BY MATTHEW HUNTER
Published September 10, 2009
Something is dying within the black community. I first noticed this after a summer trip to plantation Georgia, where many still proudly wave the Confederate flag on their cars or on flagstaffs in front of their houses. It's a place where some black farmers still look to the floor from underneath straw hats when in the presence of whites. It's a place that is still heavily segregated and where blacks keep civil rights complaints to a minimum — which is, in a way, similar to my experience of blacks in Michigan, pervasive even here on campus. But in Georgia, even in their quiescent activism, blacks feel and acknowledge their common hardship. It may be in passing, but if you are black, you are part of an extended family. But here, unlike in Georgia, most blacks do not acknowledge each other despite the fact that we, as African Americans, share a common struggle.
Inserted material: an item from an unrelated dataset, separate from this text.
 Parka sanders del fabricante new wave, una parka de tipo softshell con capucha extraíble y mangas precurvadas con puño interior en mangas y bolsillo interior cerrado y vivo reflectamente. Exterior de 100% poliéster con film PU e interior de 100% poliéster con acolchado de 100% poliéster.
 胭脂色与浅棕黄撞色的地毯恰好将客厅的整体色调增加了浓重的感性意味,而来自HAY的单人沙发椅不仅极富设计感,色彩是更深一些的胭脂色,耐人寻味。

The images of blacks in the 1960s include Martin Luther King, the Million Man March, Rosa Parks, boycotts, Malcolm X and the Black Panthers. We can remember and identify blacks in the civil rights era who struggled together against oppression. In the 1970s and '80s — and here at the University — images include Jesse Jackson leading the Black Action Movement in a successful strike for civil rights demands, which included 10 percent African-American enrollment. But even though the University approved BAM's requests and awareness increased, the University's African-American student population, almost forty years later, hovers near six percent. Even after the statewide abolition of affirmative action in 2006 and the atrocious state of minority enrollment, the University hasn't seen rebellion or much active dissent for civil rights justice since. The progressive, protesting black campus movements of the past are now nothing but periodically active student groups available for the six percent to join so they can find other blacks. I have yet to see recruitment efforts by any activist civil rights groups in my time at the University.
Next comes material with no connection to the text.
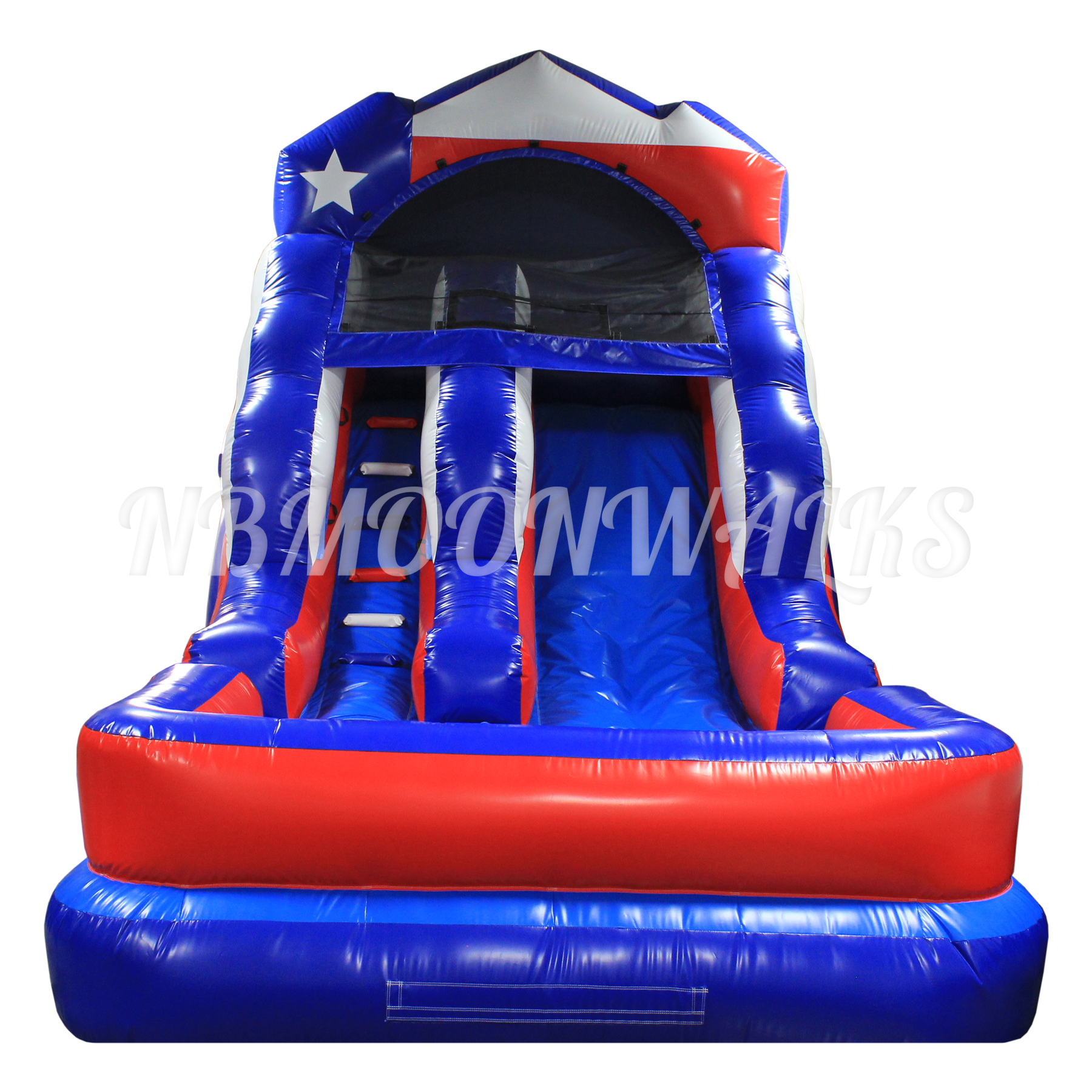 Each USA Water Slide features steps with handles up the slide for easy climbing. Riders will slide down from 10 feet into an inflated pool. This ensures the ride is safe to use with or without water. The pool has drains and flaps to easily remove water after each use.

There are a number of factors silencing the movement. One prevalent explanation claims that there is less to fight for because racial inequalities in education are on a sharp decline or non-existent, especially if one considers the election of Obama, the first black U.S. president. But despite the University's stated commitment to equality and diversity, racial disparities among the top schools in the nation are vast. Jacques Steinberg, in a 2009 New York Times article, mentions the University of Michigan among schools with the highest graduation rates at 88 percent. But the University's African American graduation rates between 1995 and 2004 have been closer to Eastern Michigan University's overall average of 39 percent, among the worst in the nation. In that time, the African American graduation rates range from 36 to 52 percent, which have improved over time but still do not compare with whites.
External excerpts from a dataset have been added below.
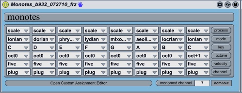 | Description: | Monotes is a simple Monomod client that allows the assignment of MIDI notes and velocities to grid buttons. It is basically nothing more than the program editor from Plinko. It only uses 64 squares of the grid, so each quadrant is identical. Presets can be saved in the usual manner. This plugin is very powerful when used in conjunction with Nomeout. It allows one to map different areas of the grid to different recieve channels in Live. I didn't spend a lot of time on this. If you find a problem or have a feature request, let me know about it. b94 @ 090610: added compatibility to Monomodular b94. |
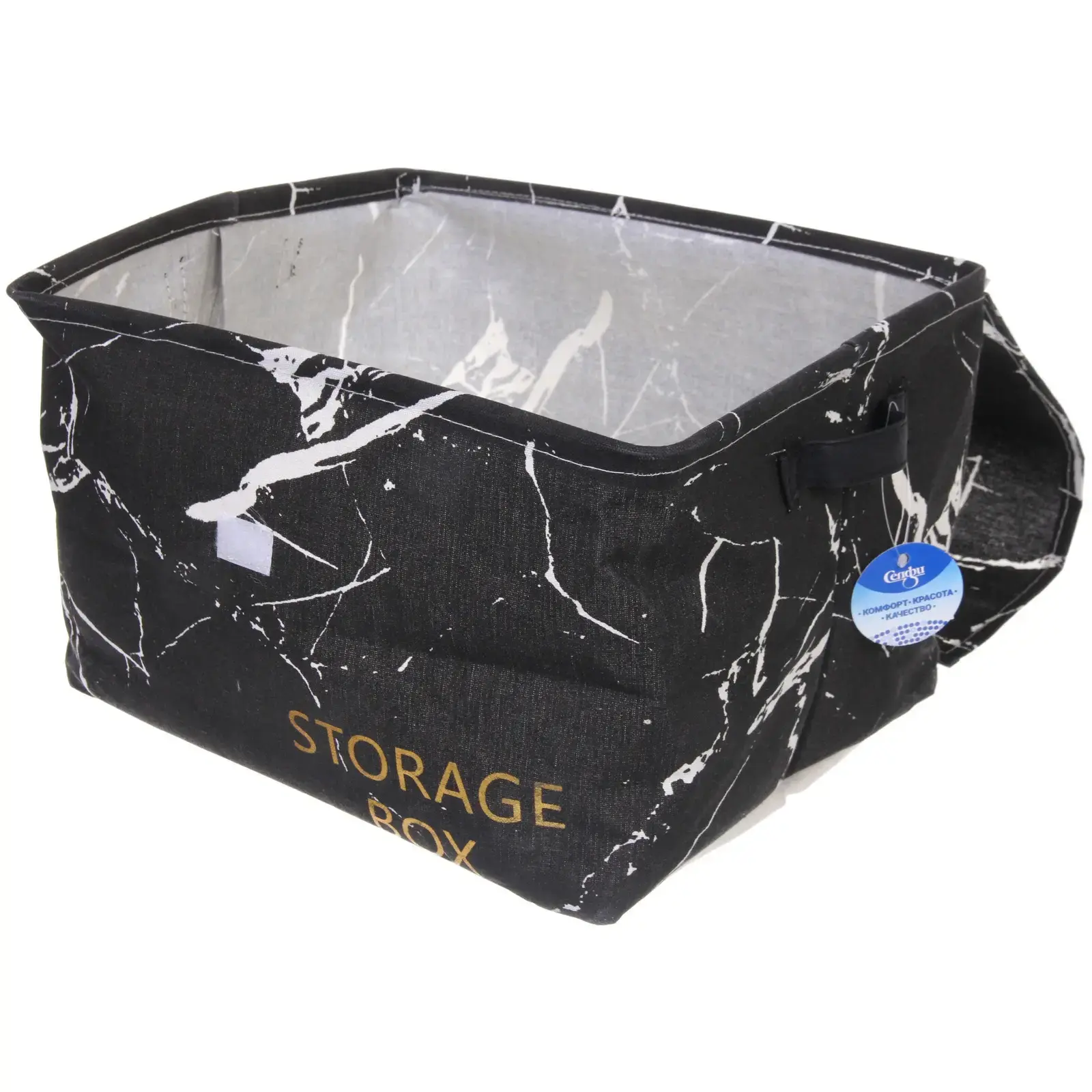 Коробка имеет прямоугольную форму и выполнена в черном цвете с белыми мраморными прожилками. Внутренняя поверхность светлая, что позволяет легко находить нужные предметы. Удобные ручки по бокам делают ее переноску комфортной. Не упустите возможность сделать ваш дом более организованным и стильным с помощью коробки для хранения «ИДЕЯДОМА»!
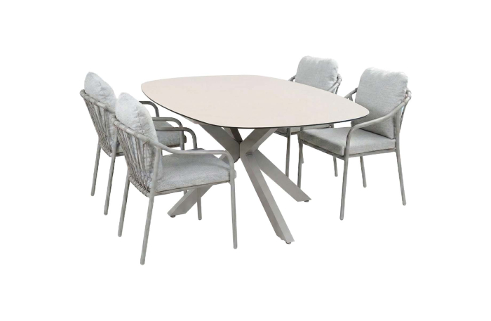 Das Set wird ergänzt durch vier Paris Dining-Gartenstühle in Elfenbeinfarbe & Camel, die modernes Design mit hohem Sitzkomfort verbinden. Das leichte Aluminiumgestell macht die Stühle einfach zu bewegen, während das straff gespannte Rope in der Rückenlehne sich angenehm an den Rücken anpasst und natürliche Unterstützung bietet. Die mitgelieferten Sitz- und Rückenkissen erhöhen den Komfort zusätzlich, sodass Sie auch über längere Zeit bequem sitzen können.
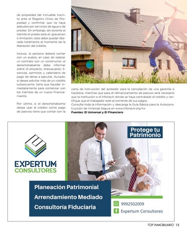 carta de instrucción del acreedor para la cancelación de una garantía o hipoteca, mientras que para el refinanciamiento de pasivos será necesario que la institución o el Infonavit donde se haya contratado el crédito y certifique que el trabajador esté al corriente de sus pagos. Consulta toda la información y descarga la Guía Básica para la Autoconstrucción de Vivienda Segura en www.infonavit.org.mx Fuentes: El Universal y El Financiero
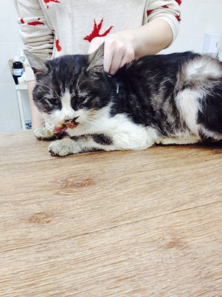 Уже лет пять-шесть у нас во дворах живёт котик, как и всех наших местных, мы его кормим и видим изо дня в день. Пару дней назад он пропал, а сегодня вернулся вся мордочка в гное и грязи, все лапы и хвостик в поносе, бока впали внутрь, и сам он еле ходит, шатается, заваливается..
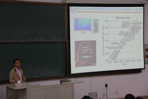 首先马飞教授就石墨烯的制备方法作了介绍,然后他结合自身科研成果对其边界/应变效应及其的利用作了深入了阐述。报告结束后,马飞教授与在场的师生进行了热情的交流,并对我校师生提出的各种问题作了详细地解答,取得了不错的效果。
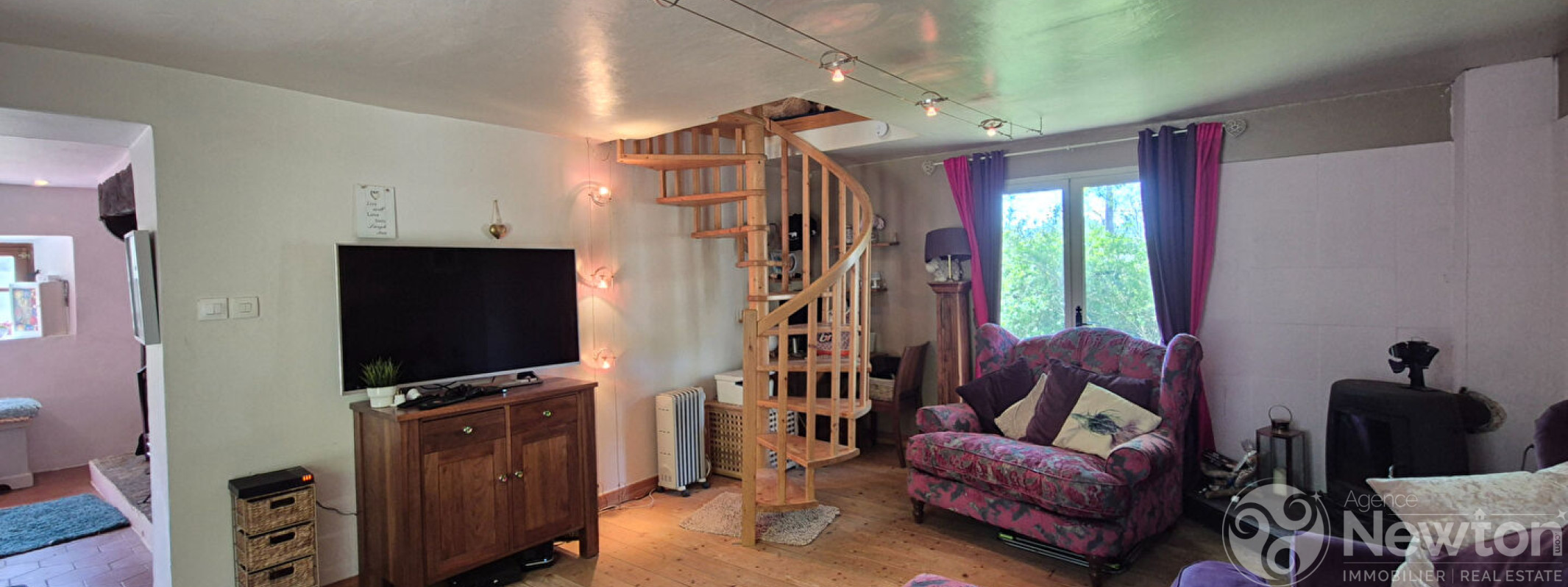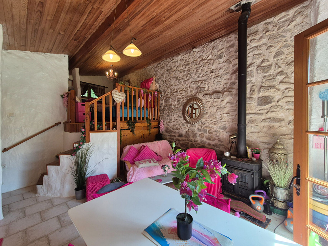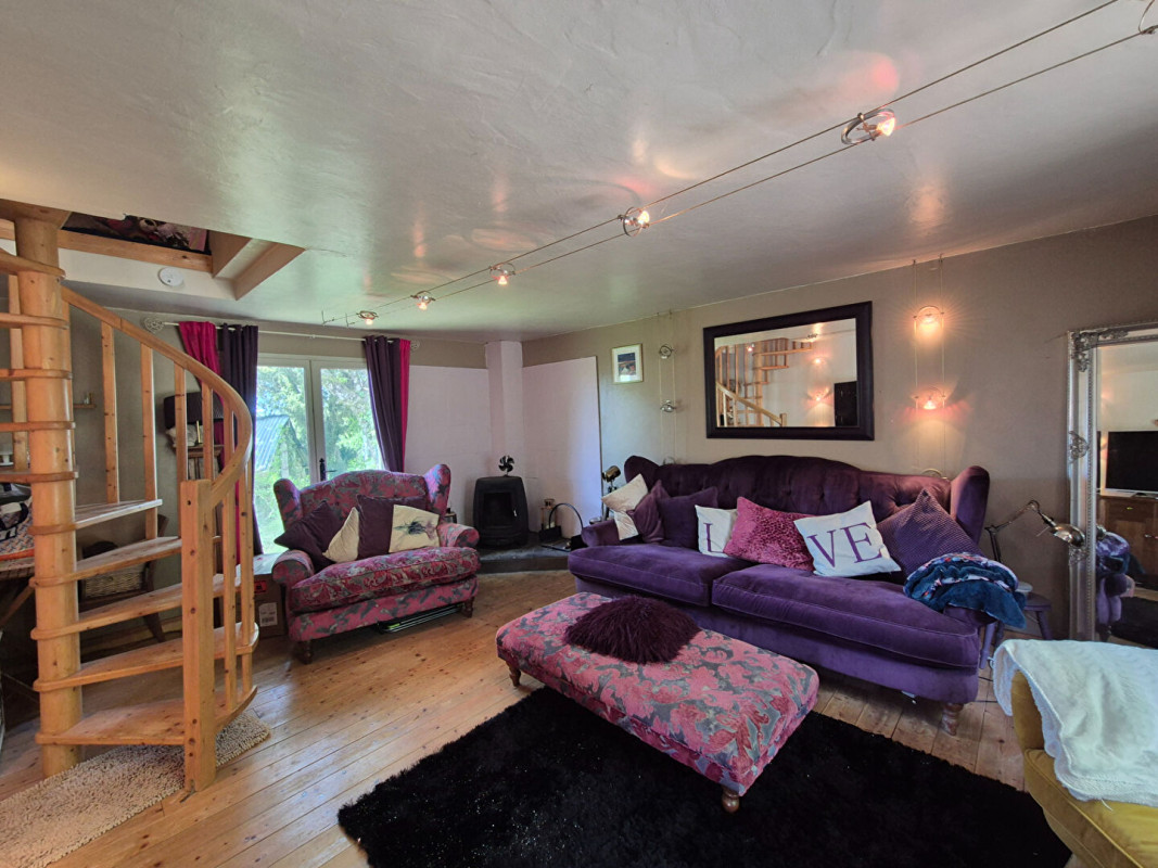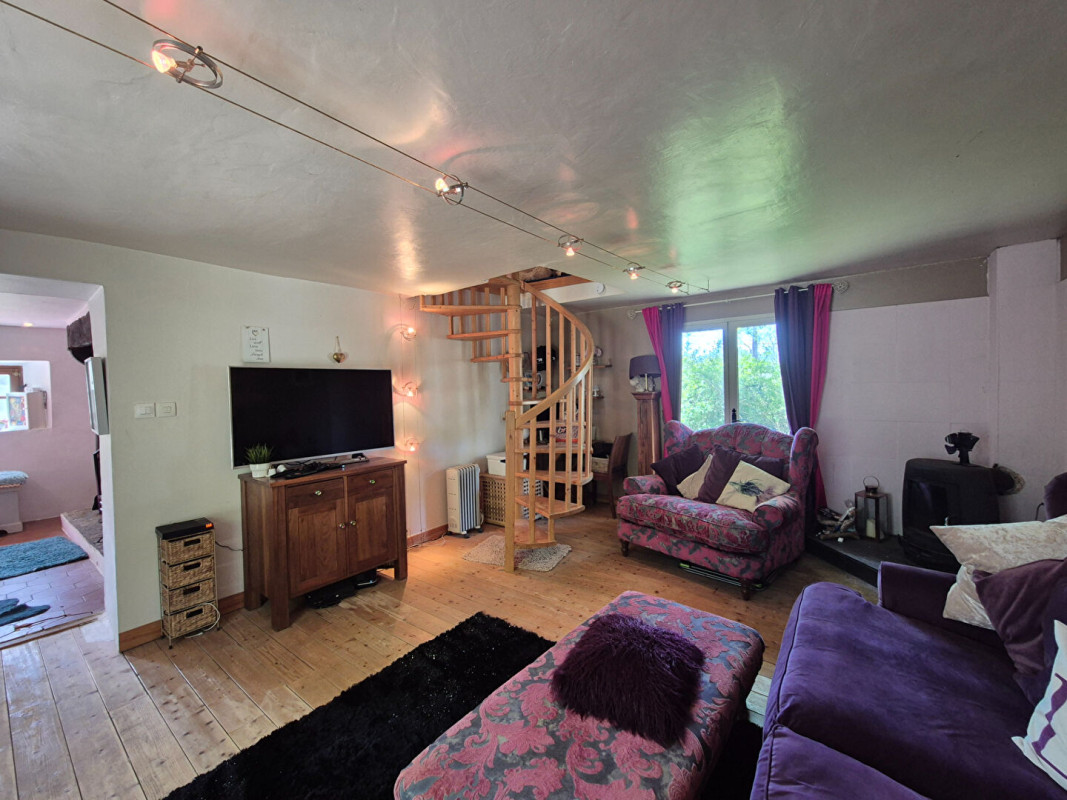 Depuis la cuisine, on accède à un salon de 22,6 m² avec un poêle à bois d'angle et un escalier en colimaçon dans le coin opposé qui mène au premier étage.

The stagnant nature of black civil rights activism could also be a result of poor understanding of civil rights injustices. Activism of the past was a response to overt racism and bigotry. But today, racial appeals are often disguised as class appeals and racism itself is inconspicuous. In a way, it is easier to perceive and then fight against the injustice in egregious cases like racial lynchings than it is to fight for equal opportunity in education. It’s simply harder to understand that blacks are disadvantaged from birth than it is to understand that brutal violence is an injustice.
Changing racial policy requires bureaucratic negotiations, lawyers and supportive constituents. The complex nature of this process can make fighting for racial policy changes obscure and confusing. But it is possible for change to occur. When, for example, the majority of our nation supports a black president, and his racial agenda includes having a diverse administration and nominating the first Latina Supreme Court justice, some change is inevitable. But it’s important to address racial policy locally since there is a dangerous trend to equate racial change and exceptional minority success cases with racial justice. Obama's presidency will not single-handedly change social injustices like that of the educational disparities between blacks and whites.
What we need first is a greater acceptance that the civil rights era is not over. Student organizations — white and black — should publicly challenge racial injustices through protests, forums and student publications. We must begin with the truth that blacks are an oppressed group of people and must constantly consider their race and its function in society. Students should hold the University responsible to their commitment to racial justice, which should in turn encourage all students to engage in racial awareness and activism. We can then better understand and establish that sense of a common struggle and sense of brother and sisterhood that still remains between blacks in rural Georgia, where it is essential for survival.